The impact of antigenic molecular mimicry on anti-cancer T-cell immune response

Abstract

Individuals are exposed to intracellular pathogens (i.e. viruses and intracellular bacteria) and intestinal microbiota, collectively microorganisms (MOs), which enter the body during the host’s lifetime. Altogether, MOs are a natural source of non-self antigens (MoAs) expressed by host’s cells in the context of the HLA class I molecules, inducing a wide pool of specific memory CD8⁺ T cell clones. Such MoAs have been shown in selected cases to share sequence and structural homology with cellular self-antigens (molecular mimicry), possibly inducing autoimmune reactions leading to autoimmune diseases (ADs). We have recently shown that a molecular mimicry may be found also to self-antigens presented by cancer cells (i.e. tumor-associated antigens, TAAs). Consequently, memory CD8⁺ T cell clones specific for the MoAs may turn out to be a natural “anti-cancer vaccination” if a nascent tumor lesion should express TAAs similar or identical to MoAs. We postulate that selecting MoAs with high homology to TAAs would greatly improve the efficacy of cancer vaccines in both preventive and therapeutic settings. Indeed, non-self MoAs are potently immunogenic because not affected by central immune tolerance. Unravelling the impact of the antigenic molecular mimicry between MoAs and TAAs might pave the way for novel anti-cancer immunotherapies with unprecedented efficacy.

Introduction

Anti-cancer immune response mostly fails to control tumor growth for the immunosuppressive factors infiltrating the tumor microenvironment (TME) (1). In addition, the target antigens presented by cancer cells are either poorly immunogenic (tumor-associated antigens, TAAs) or passenger mutations lost during tumor evolution (tumor-specific antigens, TSAs) (2, 3).
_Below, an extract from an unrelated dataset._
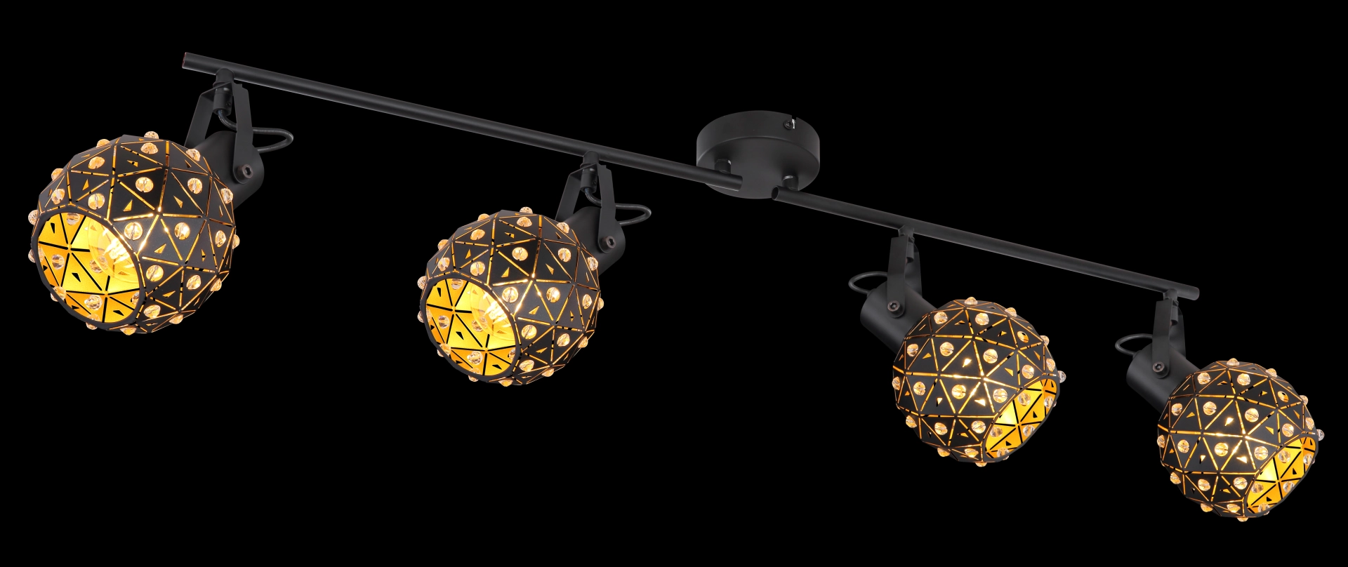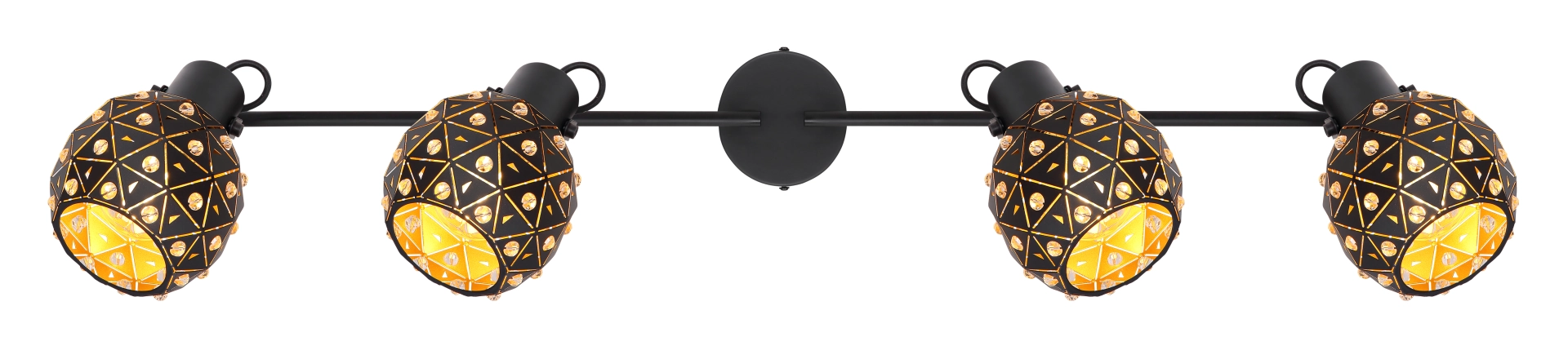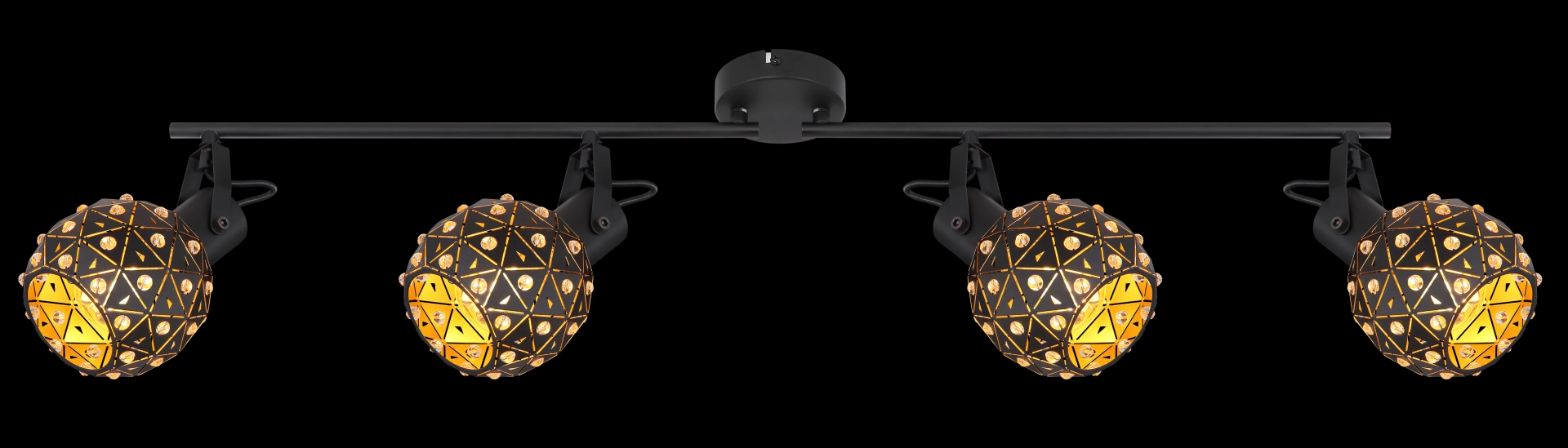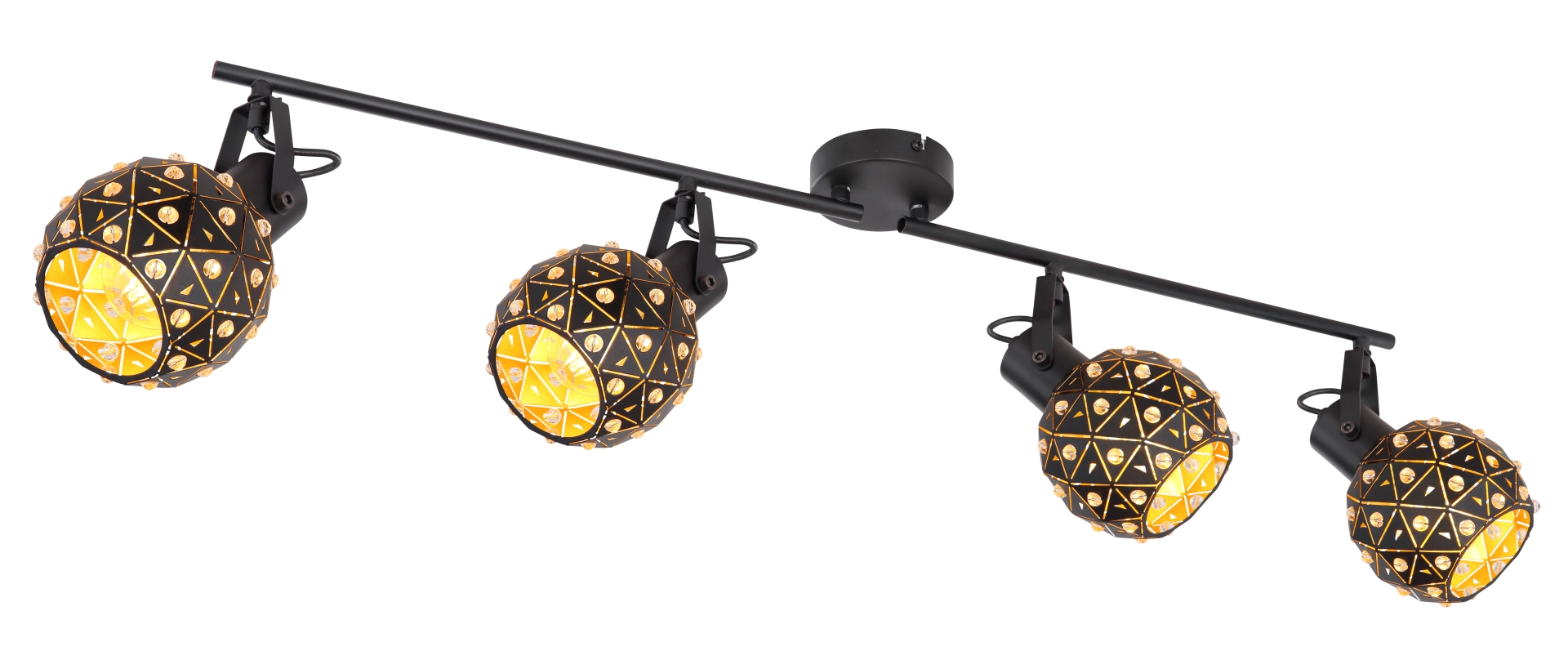 The four flamed spotlights from the Jodie series describe themselves as unusual and stylish. The black matt shade is set with many beautiful K9 crystals, which give your home a very special flair. Since the light source (E27 max. 40 W) is freely selectable, you can decide for yourself in which light color or light intensity your four walls shine. Furthermore, the shades are adjustable to create an optimal lighting result.

In particular, TAAs are universal antigens shared by all patients diagnosed with the same malignancy and can be used to develop off-the-shelf cancer vaccines. However, they are wild-type self-antigens overexpressed in tumor cells with variable expression levels in normal cells. Therefore, TAAs are generally characterized by low immunogenicity and specific T cells may have low affinity T cell receptors (TCR) with poor anti-tumor effect (4). Moreover, such T cells might have been removed from the immune repertoire by central and peripheral tolerance to prevent auto-immune reactivity to self-antigens (5).

Consequently, TAA-based clinical trials have shown extremely variable induction of a CTL response with a limited efficacy on clinical outcome (6, 7).

The identification of novel universal shared antigens for development of off-the-shelf cancer vaccines with superior immunogenicity is a primary goal in cancer immunotherapy field.

Molecular mimicry

The molecular mimicry may provide an important help in such a quest. The homology between microbial and host cell antigens has been shown in several cases. Most importantly, immune tolerance may be broken and antibodies or T cells elicited by a non-self-viral or bacterial antigen can cross-react with the homologous self-host antigen. This would ultimately initiate an autoimmune reactivity which may eventually progress to a disease (8). Indeed, different epitopes binding to the same HLA allele and exposing similar residues or structures can be targeted by the same CD8⁺ T cell receptor (TCR) (9, 10).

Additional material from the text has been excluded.